Para alcanzar la justicia social hay que recoger de y aportar ideas a múltiples colectivos, grupos, asociaciones. Diluida la diferencia entre lo social y lo político, no es posible querer, caiga quien caiga, canalizar y disciplinar la actividad social, ciudadana. Hoy, más que nunca, es necesario abandonar liderazgos, personalismos, individualidades.

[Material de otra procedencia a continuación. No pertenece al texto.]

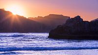 Zonsondergang op het strand bij Bandon, een stad in Coos County, Oregon, Verenigde Staten, aan de zuidkant van de monding van de Coquille River.
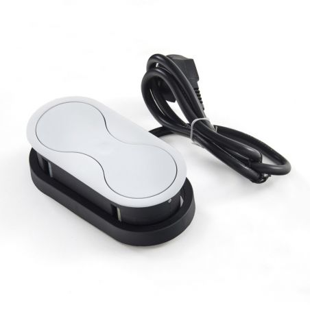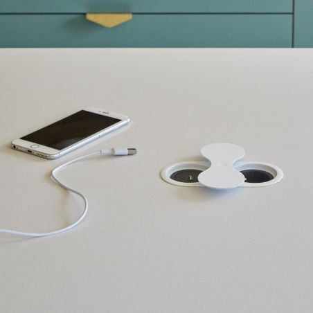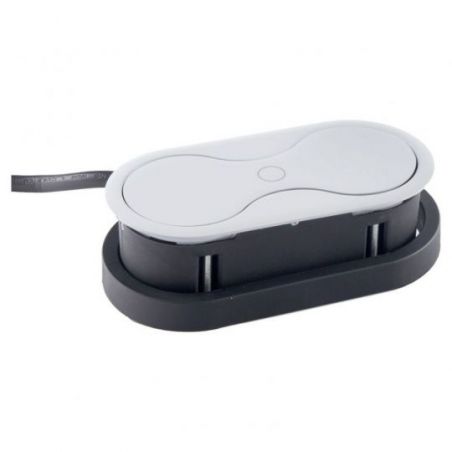Il dispose d'une prise 16A ainsi que d’un port USB-A 5V (1A), permettant de recharger facilement téléphone ou accessoires sans chargeur secteur. L’installation est simple sur un plan de travail allant de 5 à 40 mm grâce à la réhausse fournie. Son système d’ouverture par pression centrale garantit un usage fluide et discret.

Existe, actualmente, una base social que no cree en la política. Las formas de “pertenencia” son muy elásticas, aunque concurren referentes comunes: unas veces se trata de los recortes en sanidad y educación, otras de los abusos cometidos por la usura bancaria, otras de la “dación en pago” o de otro tipo de injusticias. Sin embargo, no hay un sistema coherente y estructurado de referencia. Los movimientos, como el de los Indignados son movimientos de gran importancia no muy diferentes a aquellos que se generaban hace treinta y cuarenta años, organizados ad hoc de manera transitoria y que se focalizaban – se focalizan – con la finalidad de generar movilizaciones demostrativas del malestar y el descontento. Ciertamente, estas acciones sirven para agitar a la opinión pública pero no necesariamente tienen una eficacia práctica, aunque pueden tener un gran impacto simbólico. Son formas de movilización generalmente transitorias, que se transforman con bastante facilidad, son dúctiles, de manera que no responden a los criterios tradicionales de los partidos políticos, más habituados a las estáticas y dogmáticas campañas electorales.
Pese a ello, en nuestro actual sistema político, la estructura partidaria es ineludible para la acción política, por ello, la Izquierda para volver a ser digna de su nombre ha de reinventarse, ha de volver a nacer, ha de utilizar de nuevo un lenguaje y una manera de hacer que deje claro quién es y dónde está el enemigo. Sí, el enemigo. El miedo actual de la Izquierda a hablar claramente “del otro” la va reduciendo a una mera vaguedad, mientras aquél, acusando de todos los males a la Izquierda, no tiene pelos en la lengua, miente, manipula, explota, sojuzga, expropia derechos y oprime. La Izquierda ha de dejar de practicar, por un lado, lo que se llama una “política útil” - posición, cuanto menos, ridícula dado que solo sirve para apoyar la acción de la derecha – y, por otro, una política corta de miras, flotante, limitada a “mantener las conquistas”. La Izquierda ha de volver a los principios de solidaridad, internacionalismo, ética, moral, justicia distributiva, racionalismo, socialismo…
La Izquierda debe desenmascarar la lógica del capital que encierran todas las acciones del gobierno de la derecha y desarrollar, de una vez por todas, una oposición dura frente al único enemigo. Para ello, recuperando el espíritu italiano de Enrico Belinguer (años setenta del pasado siglo), dentro de la izquierda, por supuesto, se precisa un pacto de salida a la situación grave y enconada de descomposición institucional y de desmoronamiento socioeconómico que representa la derecha. Por ello, la Izquierda debe luchar activamente en defensa de los derechos sociales y de la democracia teniendo presente que, donde no existen o sobreviven malheridos, los derechos sociales y una democracia mejor son siempre objetivos revolucionarios.